Delivery
Canada uses a mix of public and private organizations to deliver health care; in turn, these organizations bill the provincial health authorities, with few exceptions. Hospitals are largely non-profit organizations, historically often linked to religious or charitable organizations. In some provinces, individual hospital boards have been eliminated and combined into quasi-private regional health authorities, subject to varying degrees of provincial control. Laboratory services are often delivered by for-profit investor-owned corporations.
With rare exceptions, medical doctors are small for-profit independent businesses. Historically, they have practiced in small solo or group practices and billed the medicare system on a fee for service basis. Unlike the practice in some other countries, hospital-based physicians were rarely hospital employees, and also billed the provincial insurance plans on a fee-for-service basis. Since 2000, physicians have been allowed to incorporate for tax reasons (dates of authorization vary province to province). However, efforts to achieve primary health care reform have increasingly encouraged physicians to work in multidisciplinary teams, and be paid through blended funding models, including elements of capitation and other 'alternative funding formulas'. Similarly, some hospitals (particularly teaching hospitals and rural/remote hospitals) have also experimented with alternatives to fee-for-service.
In summary, the system is known as a "public system" due to its public financing, but is not a nationalized system such as the UK's NHS; most medicare services are provided privately.
An additional complexity is that, because health care is deemed to be under provincial jurisdiction, there is not a "Canadian health care system". Most providers are private, and may or may not coordinate their care. Publicly funded insurance is organized at the level of the province/territory; each manages its own insurance system, including issuing its own healthcare identification cards (a list of the provincial medical care insurance programs is given at the end of this entry).
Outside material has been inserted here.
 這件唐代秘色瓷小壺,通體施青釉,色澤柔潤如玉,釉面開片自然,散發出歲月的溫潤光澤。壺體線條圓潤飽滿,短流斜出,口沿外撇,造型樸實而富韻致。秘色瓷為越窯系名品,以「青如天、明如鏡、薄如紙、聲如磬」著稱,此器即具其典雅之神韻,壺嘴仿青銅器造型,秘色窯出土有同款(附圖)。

Once care moves beyond the services required by the Canada Health Act — for which universal comprehensive coverage applies — there is inconsistency from province to province in the extent of publicly funded coverage, particularly for such items as outpatient drug coverage and rehabilitation, as well as vision care, mental health, and long-term care, with a substantial portion of such services being paid for privately, either through private insurance, or out-of-pocket. Eligibility for these additional programs may be based on various combinations of such factors as age (e.g., children, seniors), income, enrollment in a home care program, or diagnosis (e.g., HIV/AIDS, cancer, cystic fibrosis).
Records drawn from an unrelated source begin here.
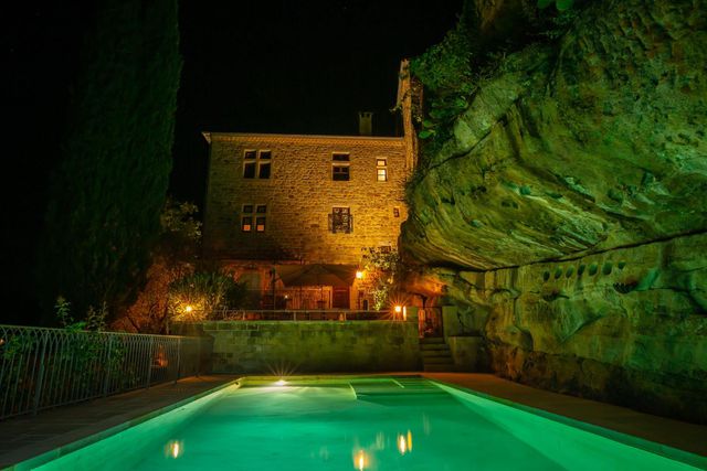 With its panoramic view of the valley, sunny terraces and swimming pool set into the rock, this rare property combines heritage and art de vivre.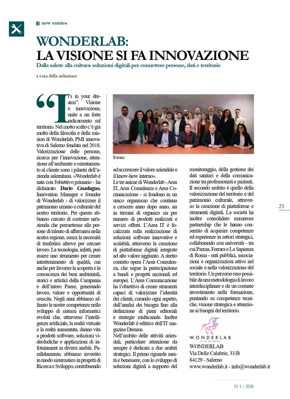 Sulla rivista Costozero, magazine di economia, finanza, politica imprenditoriale e tempo libero edito da Confindustria Salerno è stato pubblicato un articolo che parla proprio di Wonderlab.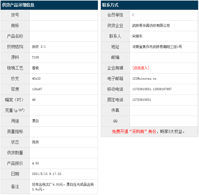 8月13日,武陟縣華昌紡織有限公司純滌斜紋布T100 40x32 130x67 49" 2/1,報價為4.85元/米,實際成交價以協(xié)商為準(zhǔn)。[點擊查看詳情]
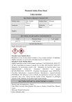 Material Safety Data Sheet Ethyl alcohol SECTION1-PRODUCT IDENTITY Product name Synonyms Ethyl Alcohol 95%, v/v Ethanol Product from Mixture Molecular Mass 46.07 Supplier SECTION2-HARZADOUS INGREDIENTS CAS# Chemical Name % of weight 64-17-5 Ethyl Alcohol 95 Hazards Identification Highly flammable liquid. Potential Acute Health Effects: Hazardous in case of skin contact (irritant), of eye contact (irritant), of inhalation. Slightly hazardous in case of skin contact(permeator), of ingestion. Potential Chronic Health Effects: Slightly hazardous in case of skin contact (sensitizer). CARCINOGENIC EFFECTS: A4 (Not classifiable for human or animal.) by ACGIH. MUTAGENIC EFFECTS: Mutagenic for mammalian somatic cells. Mutagenic for bacteria and/or yeast. TERATOGENIC EFFECTS: Classified PROVEN for human. DEVELOPMENTAL TOXICITY: Classified Development toxin [PROVEN]. Classified Reproductive system/toxin/female, Reproductive system/toxin/male [POSSIBLE]. The substance is toxic to blood, the reproductive system, liver, upper respiratory tract, skin, central nervous system (CNS). Repeated or prolonged exposure to the substance can produce target organs damage. SECTION3-FHYSICAL AND CHEMICAL DATA Physical state and appearance: Liquid Odor: Mild to strong, rather pleasant; like wine or whiskey. Alcohol-like; Ethereal, vinous. Molecular Weight:46.07g/mol Color: colorless; clear pH: not available Boiling point:78.5℃ Melting point: -114.1℃ Critical temperature: 243℃ Specific gravity: 0.789 (water=1) Vapor pressure: 5.7kPa (@20℃) Vapor Density: 1.59 (air=1) SECTION4-FIRE AND EXPLOSIVE DATA Flammability of the Product Flammable Auto-Ignition Temperature Flammable Limits 363℃ Flash Points Closed cup: 12.78℃ LOWER: 3.3% UPPER: 19% Products of Combustion These products are carbon oxides (CO, CO2) Fire Hazards in Presence of Various Substances: Highly flammable in presence of open flames and sparks, of heat. Slightly flammable to flammable in presence of oxidizing materials. Explosion Hazards in Presence of Various Substances: Risks of explosion of the product in presence of mechanical impact: Not available. Slightly explosive in presence of open flames and sparks, of heat, of oxidizing materials, of acids. Fire Fighting Media and Instructions: Flammable liquid, soluble or dispersed in water. SMALL FIRE: Use DRY chemical powder. LARGE FIRE: Use alcohol foam, water spray or fog. Special Remarks on Fire Hazards: Containers should be grounded. CAUTION: MAY BURN WITH NEAR INVISIBLE FLAME Vapor may travel considerable distance to source of ignition and flash back. May form explosive mixtures with air. Contact with Bromine pentafluoride is likely to cause fire or explosion. Ethanol ignites on contact with chromyl chloride. Ethanol ignites on contact with iodine heptafluoride gas. It ignites than explodes upon contact with nitrosyl perchlorate. Additon of platinum black catalyst caused ignition. Special Remarks on Explosion Hazards: Ethanol has an explosive reaction with the oxidized coating around potassium metal. Ethanol ignites and then explodes on contact with acetic anhydride + sodium hydrosulfate (ignites and may explode), disulfuric acid + nitric acid, phosphorous (III) oxide platinum, potassium-tert-butoxide+ acids. Ethanol forms explosive products in reaction with the following compound: ammonia + silver nitrate (forms silver nitride and silver fulminate), iodine + phosphorus (forms ethane iodide), magnesium perchlorate (forms ethyl perchlorate), mercuric nitrate, nitric acid + silver (forms silver fulminate) silver nitrate (forms ethyl nitrate) silver(I) oxide + ammonia or hydrazine (forms silver nitride and silver fulminate), sodium (evolves hydrogen gas). Sodium Hydrazide + alcohol can produce an explosion. Alcohols should not be mixed with mercuric nitrate, as explosive mercuric fulminate may be formed. May form explosive mixture with manganese perchlorate + 2,2-dimethoxypropane. Addition of alcohols to highly concentrate hydrogen peroxide forms powerful explosives. Explodes on contact with calcium hypochlorite. SECTION5-REACTIVITY DATA Stability Instability Temperature Stable Not available. Conditions of Instability Incompatible materials, heat, sources of ignition. Incompatibility with Various Substances Reactive with oxidizing agents, acids, alkalis. Corrosivity Non-corrosive in presence of glass. Special Remarks on Reactivity: Ethanol rapidly absorbs moisture from the air. Can react vigorously with oxiders. The following oxidants have been demonstrated to undergo vigorous/explosive reaction with ethanol: barium perchlorate, bromine pentafluoride, calcium hypochlorite, chloryl perchlorate, chromium trioxide, chromyl chloride, dioxygen difluoride, disulfuryl difluoride, fluorine nitrate, hydrogen peroxide, iodine heptafluoride, nitric acid nitrosyl perchlorate, perchloric acid permanganic acid, peroxodisulfuric acid, potassium dioxide, potassium perchlorate, potassium permanganate, ruthenium(VIII) oxide, silver perchlorate, silver peroxide, uranium hexafluoride, uranyl perchlorate. Ethanol reacts violently with the following compounds: acetyl bromide (evolves hydrogen bromide) acetyl chloride, aluminum, sesquibromide ethylate, ammonium hydroxide & silver oxide, chlorate, chromic anhydride, cyanuric acid + water, dichloromethane + sulfuric acid + nitrate (or) nitrite, hydrogen peroxide + sulfuric acid, iodine + methanol + mercuric oxide, manganese perchlorate + 2,2-dimethoxy propane, perchlorates, permanganates + sulfuric acid, potassium superoxide, potassium tert-butoxide, silver & nitric acid, silver perchlorate, sodium hydrazide, sulfuric acid + sodium dichromate, tetrachlorisilane + water. SECTION6-TOXICOLOGICAL PROPERTIES Routes of Entry Absorbed through skin. Dermal contact. Eye contact. Inhalation. Ingestion. Toxicity to Animals: WARNING: THE LC50 VALUES HEREUNDER ARE ESTIMATED ON THE BASIS OF A 4-HOUR EXPOSURE. Acute oral toxicity (LD50): 3450 mg/kg [Mouse]. Acute toxicity of the vapor

The Canada Health Act requires coverage for all medically necessary care provided in hospitals or by physicians; this explicitly includes diagnostic, treatment and preventive services. Coverage is universal for qualifying Canadian residents, regardless of income level. Services of non-physicians working within hospitals are covered; but provinces can, but are not forced to, cover services by non-physicians if provided outside hospitals. Changing the site of treatment may thus change coverage. For example, pharmaceuticals, nursing care, and physical therapy must be covered for inpatients, but there is considerable variation from province to province in the extent to which they are covered for patients discharged to the community (e.g., after day surgery). The need to modernize coverage was pointed out in 2002 by both the Romanow Commission and by the Kirby committee of the Canadian Senate (see External links below). Similarly, the extent to which non-physician providers of primary care are funded varies; Quebec offers primary health care teams through its CLSC system).